Of the situation in Gaza, Dr Abu Jamei jokes: “This is a form of continuous post traumatic stress disorder (PTSD)” – or, as I like to say, it can’t be “post-traumatic stress disorder” if it is not yet “post”. Because, beyond the daily privations of life in Gaza – the desperately overcrowded housing conditions, inadequate food, a contaminated water supply, badly damaged schools – the wider context is one of ongoing, unpredictable attacks.

The film in which Mona Samouni appears, Where Should The Birds Fly, gives the lie to Israel’s claim that its assaults on Gaza are purely retaliatory: we see the harassment of farmers attempting to harvest their crops and of fishermen trying to earn a living in the polluted stretch of sea where they are supposedly allowed to put down their nets. But for the presence of international observers, the casualties from such attacks would undoubtedly be much higher.

In seeking to understand Israel’s seemingly random brutal actions, we should remember a key slogan in Bill Clinton’s election campaign: “It’s the economy, stupid!”
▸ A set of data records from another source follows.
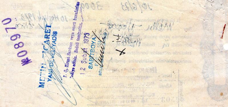 SENET " NETİN TİCARET " ŞAHANE PULLU BANKADAN GEÇMİŞ CİROLU 1973 İNAN TİCARETHANESİ KASIMPAŞA ALİ MUZAFFER ONDUR
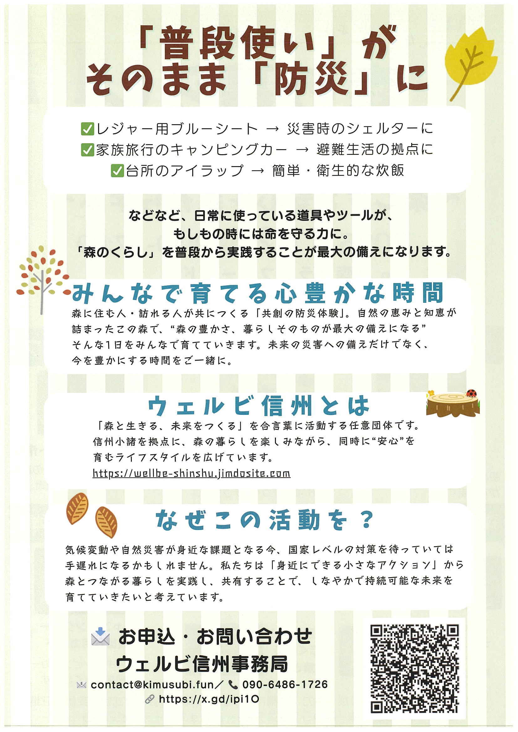 普段の暮らしが、そのままもしもの備えに。森の暮らしを楽しみながら学べる防災イベントです。地域の方や防災に関心がある方など、皆さんのご参加をお待ちしています!
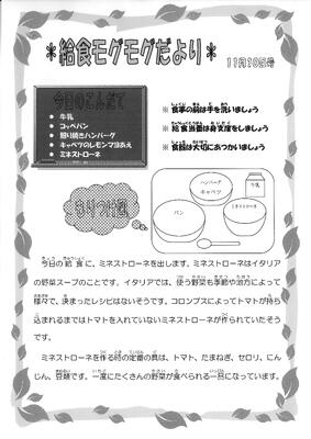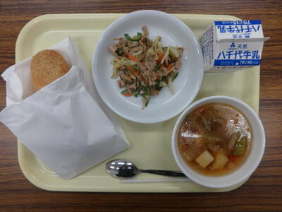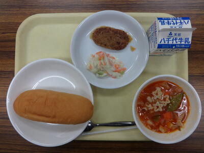 今日の献立は、コッペパン、照り焼きハンバーグ、キャベツのレモンマヨ和え、ミネストローネ、牛乳です。
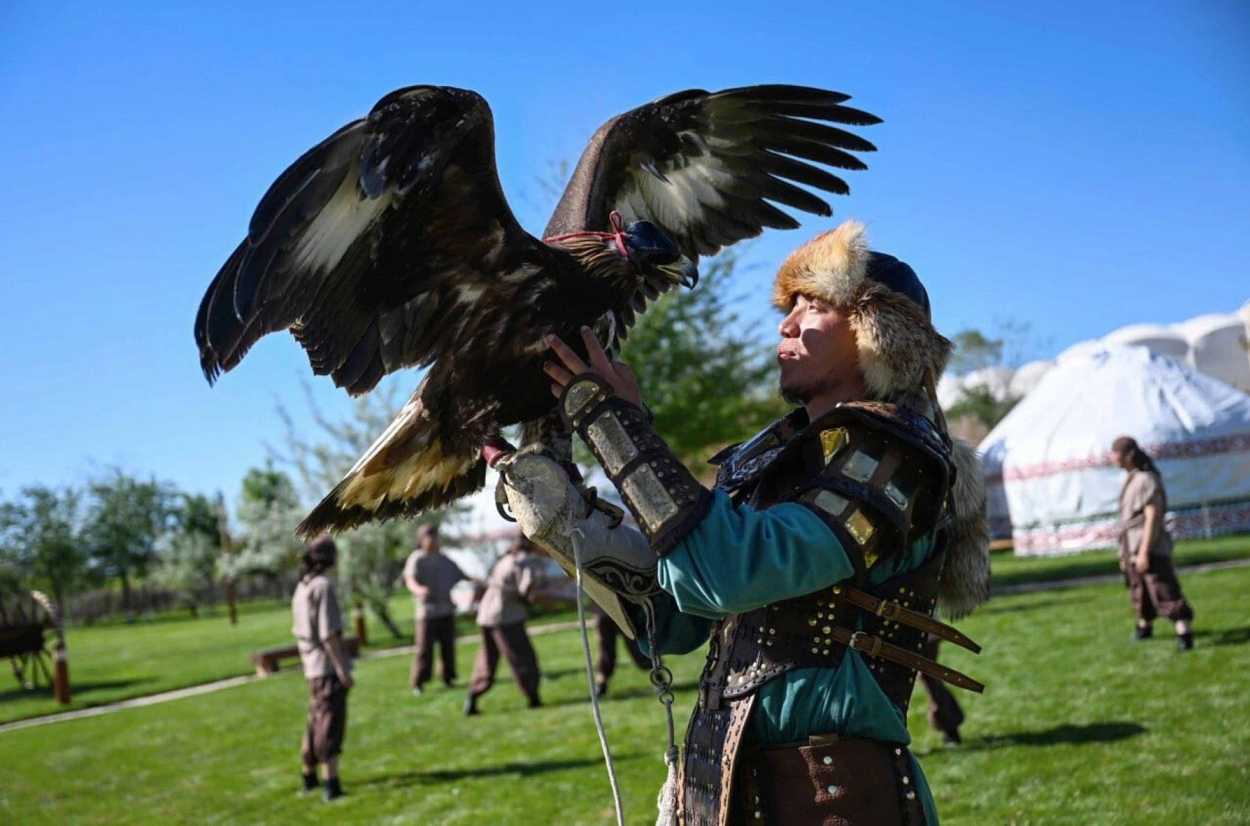 Кроме того, были продемонстрированы навыки собак породы тазы и ловчих птиц.
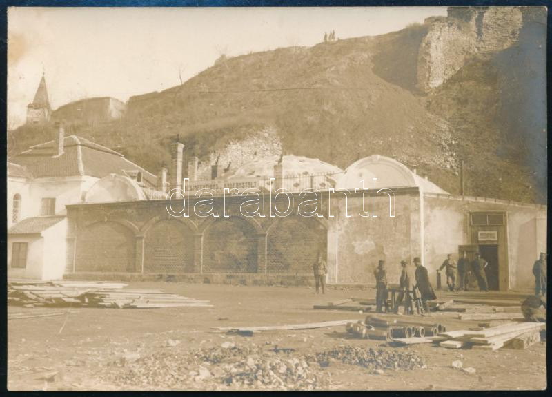 Beschreibung: cca 1916 K.u.k. fertőtlenítő állomás és fürdőhely a szerbiai Kalamegdanban a régi római fürdőben, fotó, 9×12 cm
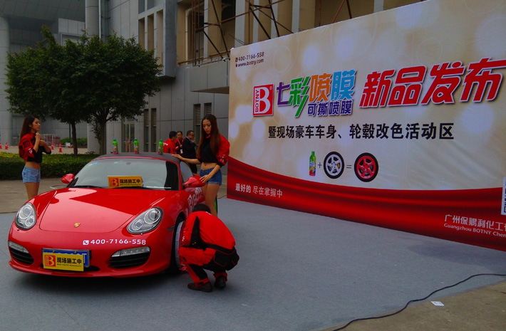 廣州保賜利作為本屆展會主場力邀的知名品牌,不僅高端亮相,更在本屆展會同期活動——漂移競技大賽活動區域,現場發布保賜利2013年新品——七彩噴膜(可撕噴膜)。
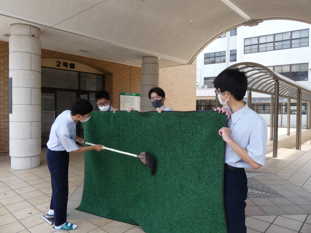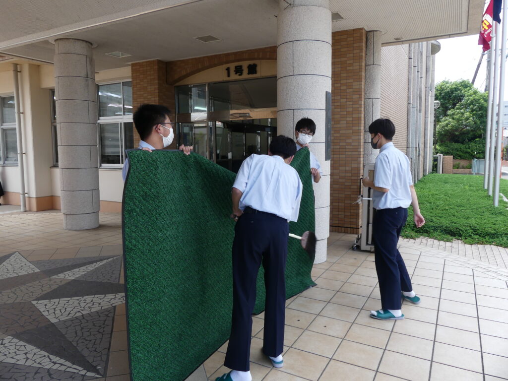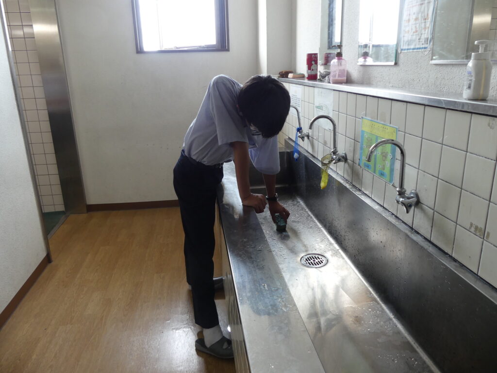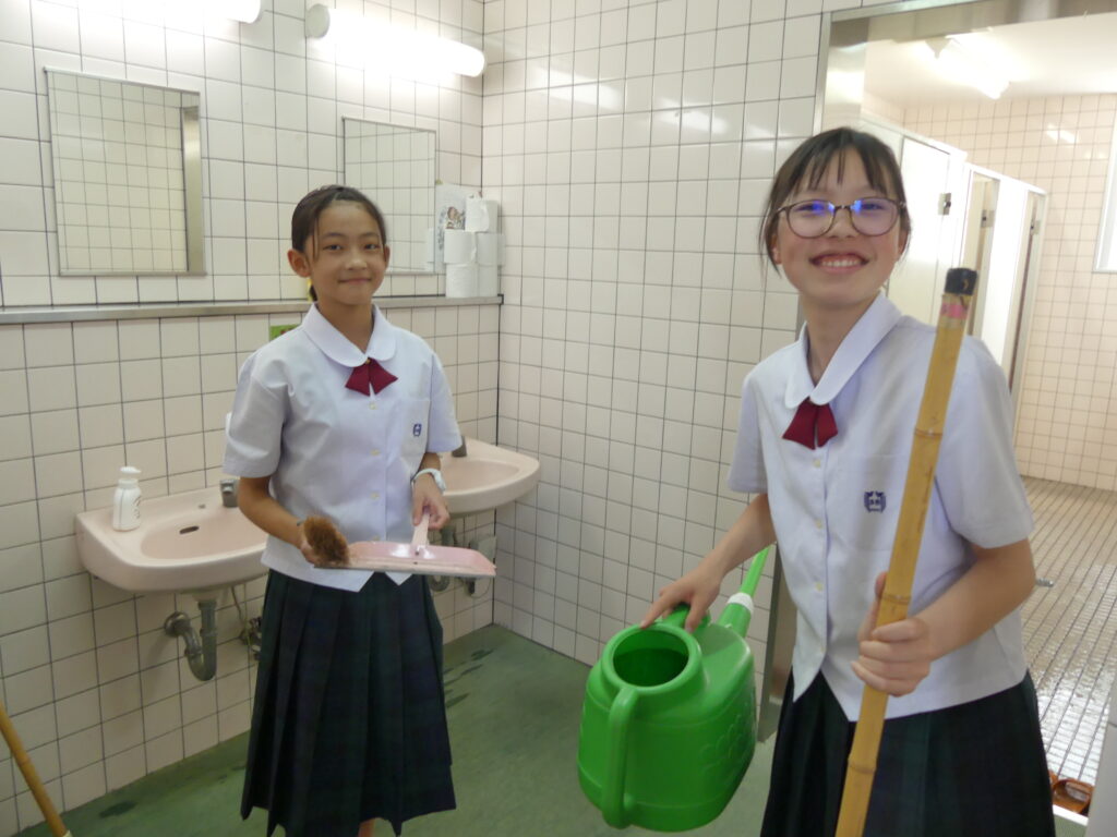 ファミリーという学年の壁を越えたグループで清掃活動を行います。玄関前では協力し合って大きなマットのほこりを落としていました。トイレや手洗い場、教室など自分たちの清掃場所を責任をもって清掃しています。学校がきれいになると、心まできれいになりますね。

An Israeli-made film, The Lab, lifts the lid on the Israeli arms industry – a multi-billion dollar a year earner and the backbone of Israel’s economy. As the title indicates, Gaza is the place where the effectiveness of Israel’s super-sophisticated weaponry and new military strategies can be evaluated and demonstrated to the world.

Israeli industry minister Benjamin Ben Eliezer explains in the film how Israel has an edge over its competitors in the field: “People like to buy things that have been tested. If Israel sells weapons, they have been tested, tried out.”

Even more chillingly, Amiram Levin, former general and now an arms dealer, explains to a rapt audience the role of the Palestinian people: “You have to understand, most of these people [in Gaza] were born to die – we just have to help them.”

Israel has certainly been launching increasingly violent attacks on Gaza every couple of years since 2008, and arms sales have been soaring. Does this mean that the people of Gaza can expect a fresh all-out assault every time the Israeli arms industry needs a boost, irrespective of international conventions on the rights of civilians?

The recent report by the Israeli military whistleblower organisation Breaking the Silence, confirms that the Israeli army is now in open contempt of the accepted rules of armed conflict: last summer soldiers were told to shoot and shell anything within range – the range of a tank being two kilometres. Those who questioned these orders were told: “There are no innocent civilians.” No wonder the dead in the last onslaught were very largely civilians, including 537 children.

But what if Palestinian children, both in Gaza and in the West Bank, were also unwitting subjects in another long-term experiment – one of social and psychological engineering? In the West Bank children may not suffer the traumas of those in Gaza – but when your parents are humiliated by soldiers and attacked by settlers before your eyes and you fear a violent incursion by heavily armed men in the middle of the night, what are the long-term psychological effects?

As Israel’s sophisticated psychologists must know, witnessing and experiencing violence and humiliation while being powerless to resist breeds anger, frustration and the desire for revenge. Is this precisely what Israel wants? Do they hope to produce a generation of disturbed young people, some of whom will be spurred to desperate acts of retaliation? There is a logic to it. Israel relies absolutely on provoking some form of violent response, however ineffective, that it can use to justify its demonstrations of military might and its ongoing expropriation of Palestinian land.

Gazan-British mental health worker Wasseem El Sarraj speaks of the “sustaining rituals” of everyday life in Gaza, which somehow survive: “There is laughter, happiness and beauty amid deep and profound suffering.” The population is fortified by a strong sense of identity, enduring family networks and the knowledge that both international law and natural justice are on their side. But all fear that Gaza’s legendary resilience may be put to the test once more, before long.